Builds on top of the co-occurring attributes v2 work from #7801 (branch phacops/eap-co-occurring-attrs-v2), brings it up to date with master, and adds a last_seen field for these attributes.

What's included

  1. Merged master into the v2 work and resolved the conflict. The PR's migration was numbered 0059, but master now has 0059_add_array_attribute_map_columns.py and 0060_add_conversation_id_and_session_id.py. Migration numbers must be strictly increasing with no duplicates (enforced by DirectoryLoader), so the migration was renumbered to 0061_add_count_to_co_occurring_attrs.py.

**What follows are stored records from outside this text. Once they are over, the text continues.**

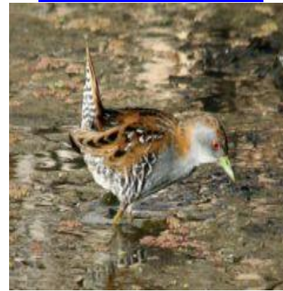
A121 - /PORZANA PUSILLA/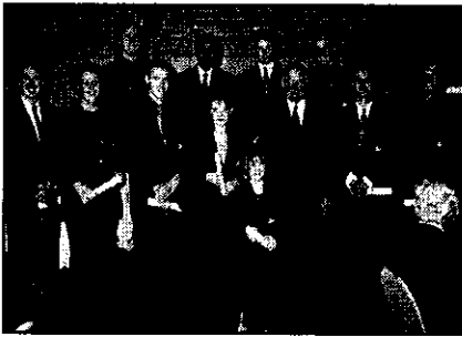
Blues Recipients for 1999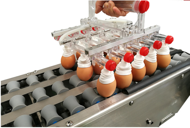
602 ZYS-ZK-30 Vacuum egg lifter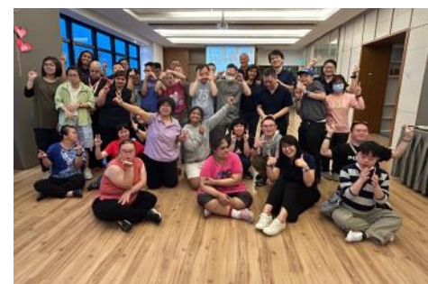
Learners had the time of their lives with Infineum volunteers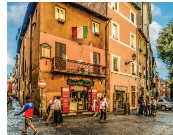
Streets of Rome

Breakfast at hotel and day at leisure. Optional tours in the city or to Naples and Pompeii are available. Overnight in Rome.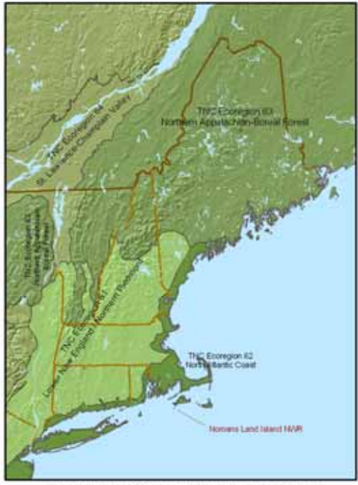
Bird Conservation Regions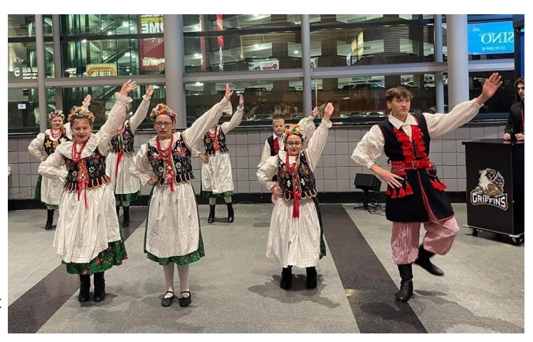
Dancers from the P.R.C.U.A. Malbork Dance Group performed at Polish American night at the Griffins at Van Andel Arena

To support the Polish community, they decided that part of the proceeds should go to a local Polish organization -- and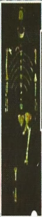
Australopithecus afarensis ; "Lucy", Hadar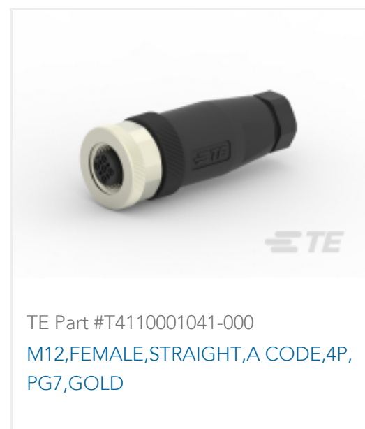
TE Part #T4110001041-000 M12,FEMALE,STRAIGHT,A CODE,4P, PG7,GOLD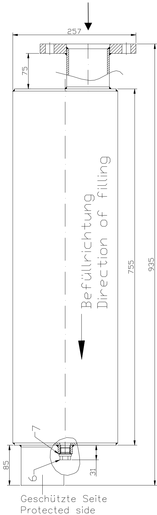
Fig. 1 Construction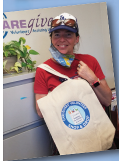
SHOP & DROP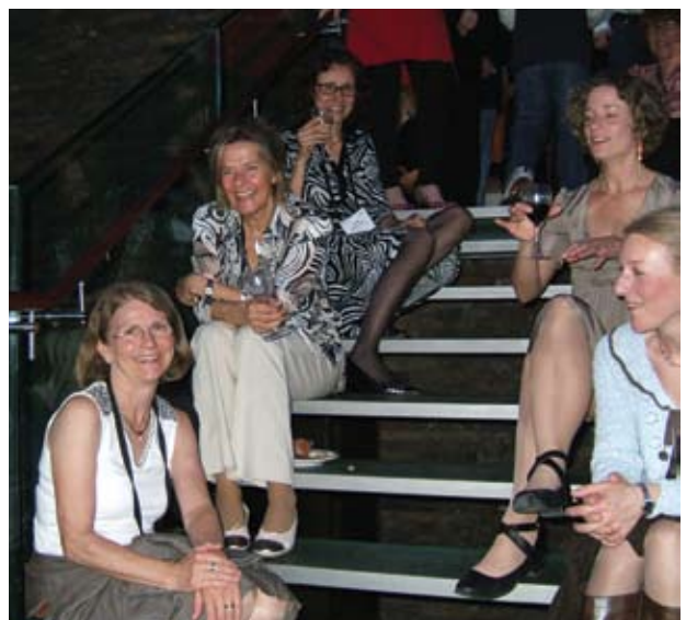
Fig. 7. After dance rest.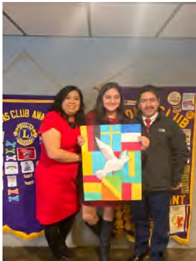
Mt Pleasant Lions 2021-22 Peace Poster winner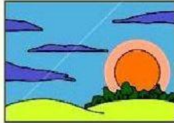
IN THE EVENING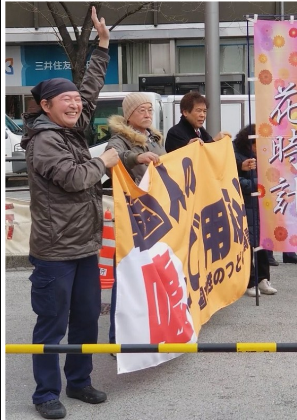
Figure 7: Male supporters.

Embassy. Every once in a while she laughed and teased the counter-demonstrators saying, “Is that all you can say - ‘go back home, go back home’? What we are saying is not hate speech.” Other times in between her monologue she admonished the counter-demonstrators for not acting like Japanese. “Do you call yourself Japanese? This is not how real Japanese behave. Are you sure that you are really Japanese?” The counter-demonstrators, some holding up the yellow placard “ heito supīchi o yurusanai ” (No hate Speech) distributed by the NoHate Nettowāku (Network) 25 and others waving self-made signboards, also had women in their 30s and 40s speak into a loud speaker. One of the main speakers who introduced herself and the others as “citizen-protest activists” apologized for the noise and then warned: “Everyone, please excuse the ruckus, but the women behind the large sign called ‘Flower Clock’ are spreading extremely poisonous hate speech.” It was a battle of words between women.

  2. Added a last_seen field for the co-occurring attributes. A new last_seen column tracks the most recent timestamp at which a set of attributes was seen:

    • Type is SimpleAggregateFunction(max, DateTime). The v2 table uses SummingMergeTree, which applies the max aggregate on merge, so the latest timestamp is preserved as rows collapse.
    • The materialized view from eap_items_1_local populates it via timestamp AS last_seen.
    • The column is also exposed in the eap_item_co_occurring_attrs_v2 readable storage config.

Validation

  • EventsAnalyticsPlatformLoader loads all 60 EAP migrations with no duplicate/gap errors (latest is 0061).
  • The migration renders valid ClickHouse DDL — the table and MV both include last_seen SimpleAggregateFunction(max, DateTime).
  • snuba/validate_configs.py reports all configs valid, including the updated v2 storage.
  • ruff check and ruff format --check pass on the migration.

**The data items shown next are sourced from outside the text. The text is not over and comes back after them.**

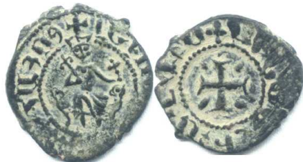
CILICIAN ARMENIA LEVON III – 1301-1307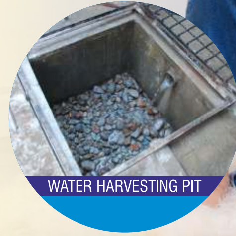
WATER HARVESTING PIT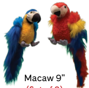
Macaw 9" (Set of 2)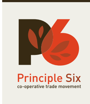
Davis Food Co-op's P6 brochure.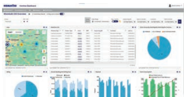
CEO overview display template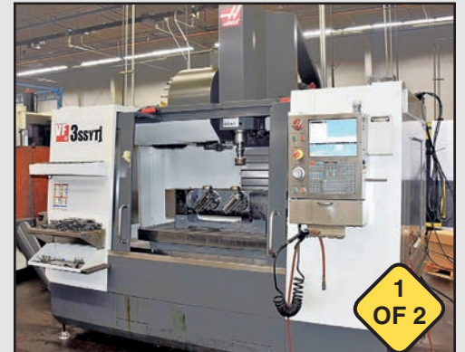
Haas VF3SSYT CNC Vertical Machining Centers

(25) CNC HORIZONTAL MACHINING CENTERS: Incl. Makino Mds. A61NX, A51, A71, A81; Mori Seiki Mds. NHX4000, NH5000, SH-500, SH-633, SH-403; OKK Mdl. HM-80S, Toyoda Mdl. FA1050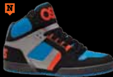
1868 BLK / AST / ORG C / C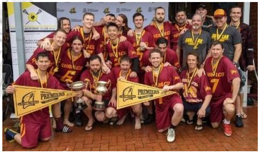
2020 Men's Division 2 Premiers and Minor Premiers - Subiaco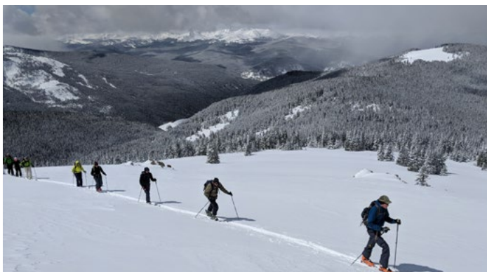
The slopes where the elite 10th Mountain Division trained for winter warfare in World War II now provide exceptional winter recreation opportunities.

Snowmobiling, ATV riding, hunting, camping, fishing, horseback riding, mountain biking, backcountry skiing, climbing, and other recreational uses are popular activities in the monument. There are two campgrounds in the monument, and more than 80 miles of hiking trails including a portion of the Continental Divide Scenic Trail and the Masontown Trail. There are also rental huts in the area that local guides and outfitters use to provide off-road vehicle and jeep tours, snowmobiling, snowcat tours, guided hikes and skiing, avalanche education, and children's outdoor activities. The Continental Divide and Tenmile Range within the national monument includes 10 peaks over 13,000 feet in elevation, and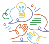
Providing information about food security to the community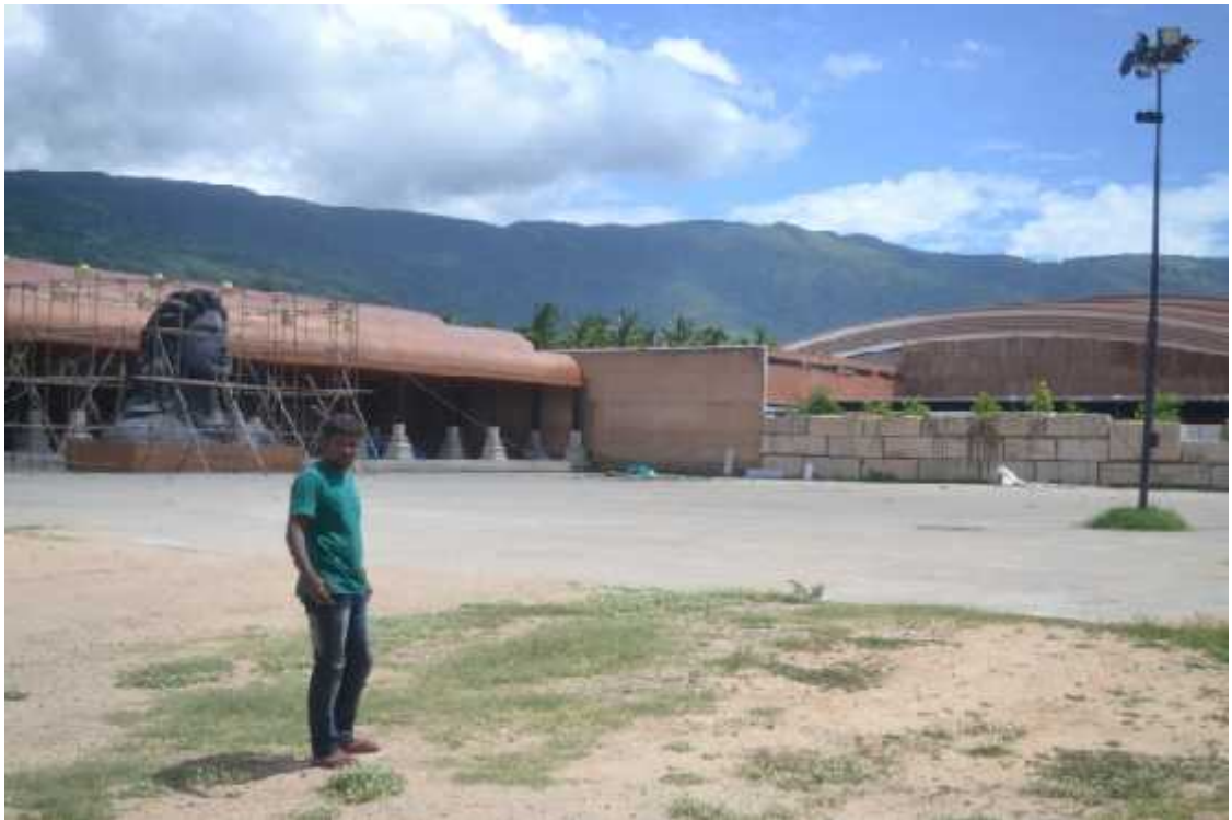
At Velliangiri Mountain, Tamilnadu. June 5 th 2016

I made several drawings in that Othyampattu village. After the Othyapattu village visit, when I returned to home I came across the concrete building city where there were no birds and green fields. It was a contradictory environment. I realized that villages are the heaven. Villages are the precious place for wealth nation; it is the place which provides healthier society. As our father of our nation Mahatma Gandhi says “India lives in villages and agriculture is the soul of Indian economy”. Nearly two thirds of its population depends directly on agriculture for its livelihood. Agriculture is the main stay of India’s economy. It is our duty to save our land.

🤖 Generated with Claude Code


Generated by Claude Code

phacops and others added 7 commits March 5, 2026 12:04
Add a new SummingMergeTree-based storage for co-occurring attributes
that includes a count column for proper deduplication via key_hash.
The v2 storage is gated behind a `use_co_occurring_attrs_v2` feature
flag. Also simplify result row parsing in the attribute names endpoint.

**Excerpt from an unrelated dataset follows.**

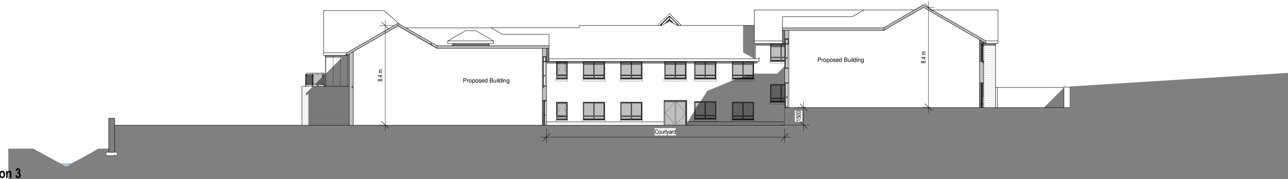
Site Section 3 1:200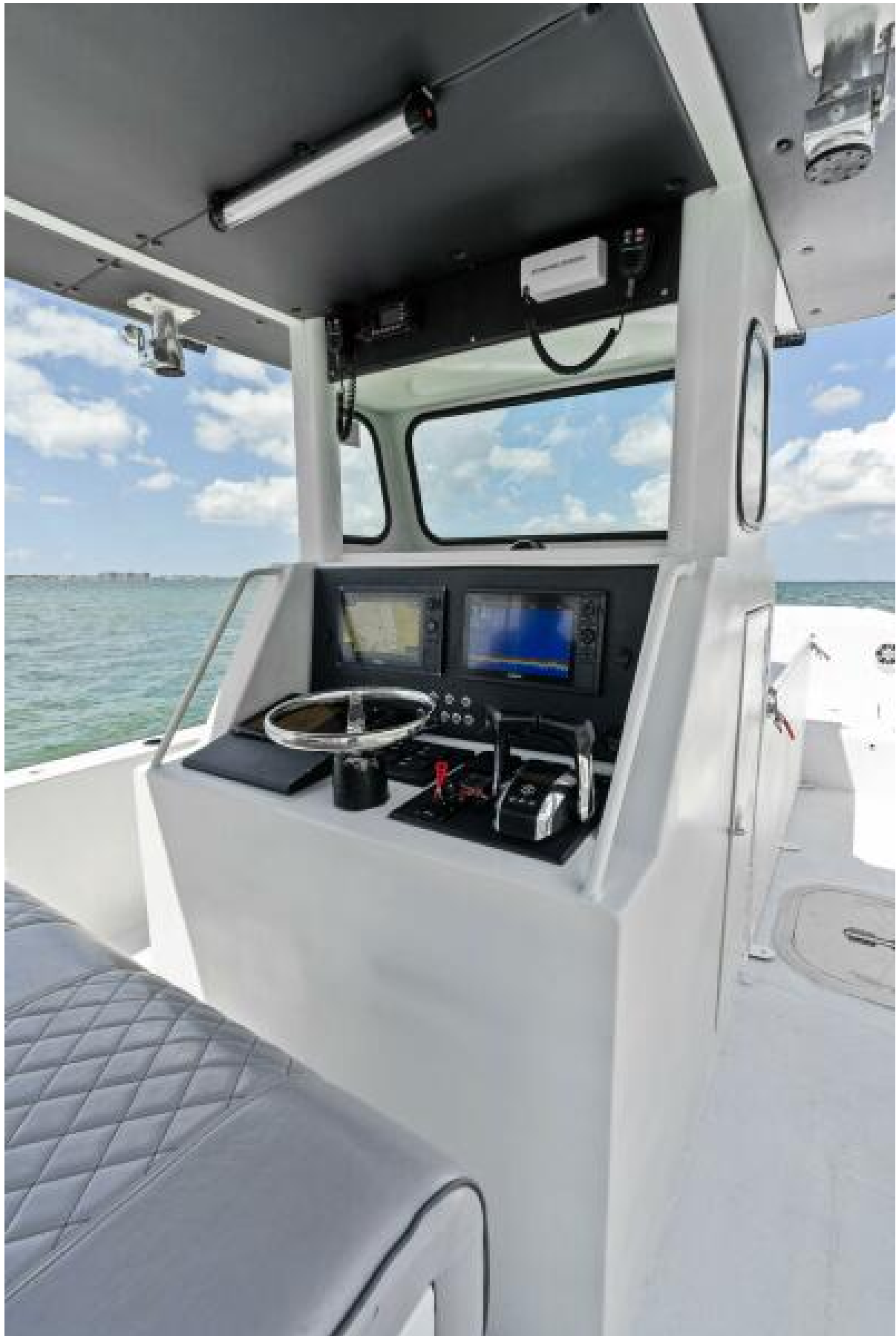
2015 Fin Cat 40 Catamaran 'Double Nickel' Helm

Co-Authored-By: Claude <noreply@anthropic.com>

Agent transcript: https://claudescope.sentry.dev/share/yM8dAMnfR-nHQ6Z7BKDQd12ih3FsVPMAzgudpbFlskw
Master picked up 0054_fix_bools_in_autocomplete; bump this one to 0055
to resolve the duplicate migration number.

Co-Authored-By: Claude Opus 4.7 (1M context) <noreply@anthropic.com>

Agent transcript: https://claudescope.sentry.dev/share/3bKJJo4cpTu-irMjftAcw6rYLjZEJsxUtHC2hucYt6s
Bring the branch up to date with master and narrow it to just the new
co-occurring attributes storage:

- Renumber the migration 0055 -> 0059 (0055-0058 are now taken on master).
- Drop the endpoint changes (the `use_co_occurring_attrs_v2` flag and the
  storage switch). The v2 SummingMergeTree table with the `count` column is
  landed as groundwork only; the attribute-names endpoint continues to read
  the existing storage. Wiring the endpoint to read v2 (and sort by
  sum(count)) will be a follow-up.

Refs EAP-432
…on number

Resolve the conflict from merging master into the co-occurring attrs v2
work by renumbering the migration from 0059 to 0061 (0059 and 0060 are
now taken on master), which keeps migration numbers strictly increasing.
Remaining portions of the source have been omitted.